DOC: from examples to tutorials #3564

rabernat · 2019-11-22T17:30:14Z

It's awesome to see the work we did at Scipy2019 finally hit the live docs! Thanks @keewis and @dcherian for pushing it through.

Now that we have these more detailed, realistic examples, let's think about how we can take our documentation to the next level. I think we need TUTORIALS. The examples are a good start. I think we can build on these to create tutorials which walk through most of xarray's core features with a domain-specific datasets. We could have different tutorials for different fields. For example.
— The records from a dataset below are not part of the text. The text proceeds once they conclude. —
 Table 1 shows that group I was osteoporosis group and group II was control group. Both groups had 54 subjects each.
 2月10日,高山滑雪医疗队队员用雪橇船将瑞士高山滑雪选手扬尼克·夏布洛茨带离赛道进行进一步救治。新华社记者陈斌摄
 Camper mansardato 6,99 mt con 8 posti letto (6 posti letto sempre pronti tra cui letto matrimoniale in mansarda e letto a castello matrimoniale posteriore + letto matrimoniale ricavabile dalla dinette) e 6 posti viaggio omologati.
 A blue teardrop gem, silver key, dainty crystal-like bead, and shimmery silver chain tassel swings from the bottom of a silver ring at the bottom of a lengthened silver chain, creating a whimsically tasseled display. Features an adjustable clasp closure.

Xarray tutorial for meteorology / atmospheric science
Xarray tutorial for oceanography
Xarray tutorial for physics (whatever @fujiisoup and @TomNicholas do! 😉 )
Xarray tutorial for finance (whatever @max-sixty and @crusaderky do! 😉)
Xarray tutorial for neuroscience (see nice example from @choldgraf: https://predictablynoisy.com/xarray-explore-ieeg)

Each tutorial would cover the same core elements (loading data, indexing, aligning, grouping, computations, plotting, etc.), but using a familiar, real dataset, rather than the generic, made-up ones in our current docs.

Yes, this would be a lot of work, but I think it would have a huge impact. Just raising here for discussion.

xref #2980 #2378 #3131

choldgraf · 2019-11-22T18:04:50Z

In case it's helpful for inspiration, we took a similar approach with the MNE-Python package (neuro electrophysiology package):

https://mne.tools/stable/index.html

Maybe there are at least 3 levels in there, actually:

Examples - short vignettes that highlight one very specific piece of functionality, key-words for the example should be ctrl-fable in the title
Tutorials - in-depth guides through a common part of workflow that xarray wishes to enable, with more explanation and detail
Domain use-cases - examples of how xarray can facilitate use-cases in particular fields. Probably cover at a high-level many of the steps that multiple tutorials cover in-depth. More for "inspiration and buy-in" than in-depth learning.

Does that make sense?

TomNicholas · 2019-12-03T15:48:05Z

@rabernat I'm going to be making a simple plasma physics-oriented xarray tutorial to give at a workshop next week.

I was wondering - if we're uploading real data for these, how big can/should the files be? It might affect what dataset I use.

keewis · 2019-12-13T16:21:37Z

https://www.divio.com/blog/documentation/ might be a useful reference for this?

rabernat · 2019-12-13T16:50:45Z

if we're uploading real data for these, how big can/should the files be? It might affect what dataset I use.

This is a good question. We need the tutorials to be able to run and build within a CI environment. That's the main constraint.

For larger datasets, rather than storing them in github, a good approach is to create an archive on https://zenodo.org/ from which the data can be pulled.

TomNicholas · 2019-12-13T17:50:15Z

Maybe there are at least 3 levels in there, actually...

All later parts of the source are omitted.